Ammonoid, ook ammoniet genoemd, een van een groep uitgestorven koppotigen (van het phylum Mollusca), vormen verwant aan de moderne parelachtige nautilus (Nautilus), die vaak worden gevonden als fossielen in mariene gesteenten daterend uit de Devoonperiode (begon 419 miljoen jaar geleden) tot de Krijtperiode (eindigde 66 miljoen jaar geleden).

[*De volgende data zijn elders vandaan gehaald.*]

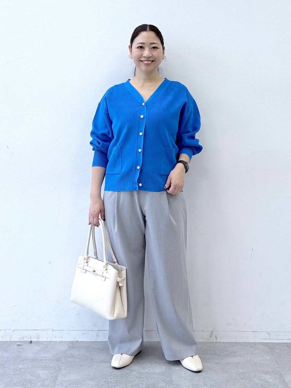 ▶︎はつなボディサイズ 身長158cm 体重62kg〜64kg 胸囲95cm ウエスト80cm ヒップ96cm 二の腕30cm 足24.5cm (24cmよりの中途半端サイズ) ▶︎トップスFREEサイズ チクチク感なく着れるニットカーディガン。 もっちりとした柔らかな生地と、適度な肉厚感が季節の変わり目に使いやすい1枚。 Vネックデザインが顔まわりすっきりさせ、リブ編みが縦ラインをしっかり強調してくれるのでゆるっとしたフォルムでも着膨れ感なく着ていただけます。 パールボタンが品のある印象でお仕事やプライベートで着回しやすい1枚です。 ▶︎ボトムスMサイズ 履き心地も楽ちん!ウエストゴムのワイドパンツ。 落ち感のある生地と、すっきり見えするシルエットが履くだけで脚長効果を叶えてくれます。 中に着込める余裕もあるのでシーズンレスで着用できます。 ワイドシルエットでも自転車安心なのでON/OFFデイリー使い出来るワイドパンツです。 ▼▽▼▽▼▽▼▽▼▽▼▽ 見て頂き、ありがとうございます! 使用アイテムは下記に記載がございます。 ⚪︎いいね ⚪︎フォロー 嬉しいです、ありがとうございます。 ▲△▲△▲△▲△▲△▲△

© jonnysek-iStock/Getty Images
De ammonieten waren schelpvormen, en van bijna allemaal wordt aangenomen dat ze een roofzuchtige habitus hadden. Er zijn aanwijzingen dat deze dieren zoöplankton, kreeftachtigen en andere ammonoïden aten. De schelpen, die recht of opgerold zijn, dienden als beschermende en ondersteunende structuren en als hydrostatische hulpmiddelen, waardoor het dier zich kon aanpassen aan variërende waterdiepten. Ammonoïden worden gekenmerkt en onderscheiden van nautiloïden door de sterk gekartelde en complexe hechting die ontstaat waar de interne scheidingswanden in contact komen met de buitenwand van de schelp. Ammonoïden zijn belangrijke indexfossielen vanwege hun grote geografische verspreiding in ondiepe mariene wateren, hun snelle evolutie en hun gemakkelijk herkenbare kenmerken.
Drie groepen ammonoïden hebben elkaar in de loop der tijd opgevolgd, waarbij elke groep een complexer hechtingspatroon had. Ammonoïden met een eenvoudig hechtingspatroon, goniatiet genoemd, floreerden tijdens het Paleozoïcum (541 miljoen tot 252 miljoen jaar geleden). Ammonoïden met een meer geplooide hechtdraad, ceratiet genaamd, vervingen de goniatieten en waren het talrijkst in het Trias (252 miljoen tot 201 miljoen jaar geleden). De meeste ammonoïdengeslachten stierven aan het eind van die periode uit, maar enkele overleefden en evolueerden tijdens het Krijt in vele verschillende vormen. Deze vormen worden gekenmerkt door een ineengestrengelde hechting die het ammonietenpatroon wordt genoemd.
Sommige wetenschappers beweren dat het voortbestaan van de ammonoïden nauw samenhangt met de beschikbaarheid van plankton in de zeeën van het Paleozoïcum en Mesozoïcum. Zij veronderstellen dat de plotselinge afname van plankton tijdens de K-T uitsterving aan het eind van het Krijt de ondergang van de overgebleven ammonoïdengroepen veroorzaakte.